Other critics were ready to leave the theater, though. Writing in Screen Daily, Tim Grierson says that Ares almost gets by “on style points,” but the “uninspired story” eventually catches up with Leto’s lightcyle. “In the early going, Tron: Ares is such a visual and sonic pleasure that it only slowly becomes apparent that Jesse Wigutow’s screenplay shamelessly recycles musty sci-fi tropes,” Grierson adds. “for all the creativity on display in Tron: Ares, it’s in service of a story with scant signs of life.”
While Rolling Stone’s David Fear acknowledges that Ares has “a few things going for it,” but not enough to fully recommend. “This is still a Tron movie beholden to a mythology that is ridiculously complicated at best and WTF-nonsensical at worst.
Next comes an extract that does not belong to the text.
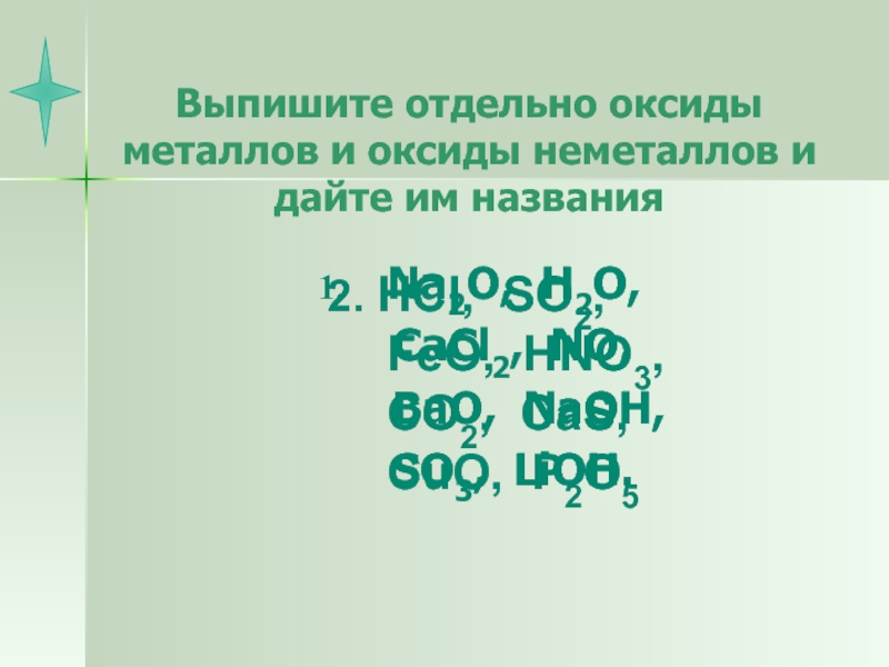 2. HCl, SO2, FeO, HNO3, CO2, CaS, CuO, P2O5

And if you’re not invested in the overarching narrative of tech-industry intrigue, dystopian digital landscapes, and several terrabytes worth of sci-fi clichés mashed together by now, this will not get you on board.”
Writing in The Wrap, William Bibbiani hits Ares with one of its lowest scores. “The movie … completely sucks,” he writes, going on to slam the latest Tron as a “hack job” that lets down its predecessors. “They were, whatever their other flaws, films with ideas,” he notes of Tron and Tron: Legacy. “Tron: Ares has no ideas. Instead, it has plot. Lots and lots of tedious plot.”
To quote Bridges from another cult favorite: “That’s just like your opinion, man.”